The model itself is a simple linear regression model. This was intended as a starting point with many different avenues for improvement, but it's performance isnt too bad. The mean absolute error is around 10. This is the average amount the predicted spread is off by. I could not find an average difference for Vegas odds but according to Vegas Always Knows? A Mathematical Deep Dive the standard deviation of Vegas spreads is around 14. That is, 68% of games are within 14 points of the spread, and 32% are higher. Thus, a mean absolute error of 10 seems like we're in the ballpark even if not really competitive.
- Accounting for relationships between features such as home pass offense compared to away pass defense. This could be approached from a few directions:
- Use a different model architecture that can pick up on these or train a deep neural network.
- Keep using linear regression and engineer features such as net home passing yard average (and similar), which would be the difference between the home team's average passing yards and the away team's average passing yards allowed. This way we can capture the relationship despite all the features being treated as independent, as linear regression models do.
- Account for injuries. Currently this model just probably shouldn't be used on games where there are meaningful injuries. Injuries could be quantified as missing win shares, which is a measure that seeks to measure how much a player contributes to the outcome of a game. This brings several complexities which makes you appreciate how sophisticated the professional models for this must be. These complexities include:
- getting historical data. This could probably be done using the same nfl playbook pdfs that nflfastR get's its play by play data from.
- getting player injury statuses for upcoming games. I am unsure of a reliable datasource for this. Each additional datasource adds some failure point which should also be handled gracefully.
- Determining how likely a player is to play based off their injury status (questionable, out, likely, etc.) and other factors. This is a complex problem in itself. Alternatively, the model could be trained with these statuses and their associated missing winshares if the data is available.

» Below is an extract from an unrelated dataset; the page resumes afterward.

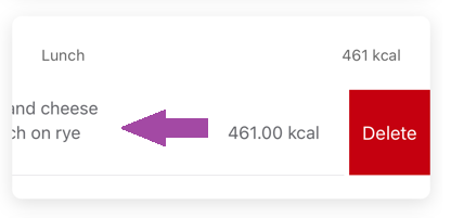 Step 9. To delete an entry -> slide the item across to the left and select the delete button that appears as below.

- Do not predict the spread at all. Instead, train a classifier to detect games that are likely to be outliers. That is, predict when the spread will be outside the standard deviation of (supposedly) 14 points, and in what direction (overdog under or overperforming). While I have doubts about the possible accuracy you could achieve with such a model, I suspect there may be more opportunity to find outliers than to simply beat Vegas at predicting the spread.